Surgery for certain bad heart valves may soon become a thing of the past. New studies have suggested that it is okay and it is even better to have a new valve placed through a tube into an artery instead.

The results of this study are expected to quickly transform the common treatment of a problem that affects millions of people which is a stiff or narrowed aortic valve that doesn't let blood pass. Until recently, fixing severe cases like this required a major operation using a heart-lung machine while surgeons cut out the old valve and sewed in a new one.

Years ago, expandable aortic valves were made so that it can be guided to the heart through a catheter into a blood vessel and placed inside the old valve. But they're only used now in patients that can't stand this type of surgery.The new studies tested these valves in patients that have low risk for the operation and found them as good or superior to surgical ones.

"This is our last frontier" to make these devices a standard of care, said Dr. Joseph Cleveland, a University of Colorado heart surgeon with no role in the studies or ties to the companies that sponsored them. "It's a great thing" for patients to be able to avoid major surgery, he said.

Results were published by the New England Journal of Medicine on Saturday and were to be discussed at an American College of Cardiology conference in New Orleans on Sunday.

One study shows that about 1,000 patients were given standard surgery or what is called an expandable Edwards Lifesciences valve. After one year, 15 percent of the surgery group had died, suffered a stroke or needed to be hospitalized. 

In the other study, 1,400 patients were given surgery or what is called a Medtronic expandable valve. Based on partial results, researchers recorded that after two years, 6.7 percent of the surgery group had died or suffered a disabling stroke.

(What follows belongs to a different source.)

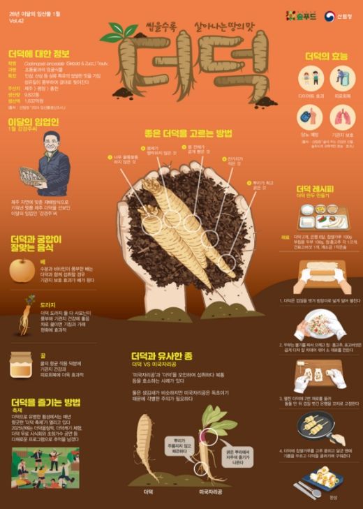 이상익 산림청 산림산업정책국장은 “더덕은 향과 영양을 모두 갖춘 겨울철 대표 임산물”이라며, “앞으로도 국민들이 일상 속에서 임산물을 친숙하게 접할 수 있도록 홍보와 판로 확대를 지속적으로 추진해 나가겠다.” 고 밝혔다.

In both studies, certain issues were more common with surgery, including development of a fluttering heartbeat called atrial fibrillation or major bleeding. In the Medtronic study, 17 percent of expandable valve recipients later needed a pacemaker versus 6 percent of people who had surgery.

Previous studies suggests that the overall costs are lower with expandable valves, which is about $30,000 versus $5,000 for surgical ones, largely because they require shorter hospital stays and caused fewer complications, said Cleveland, who also is a spokesman for the College of Cardiology.

In the United States, surgeries to replace aortic valves have been falling. Only about 25,000 are expected to be done this year and Cleveland expects that to drop by half next year and by half again in 2021.

He and other doctors say the expandable valves still need longer study to see if they can hold up as well as surgical ones.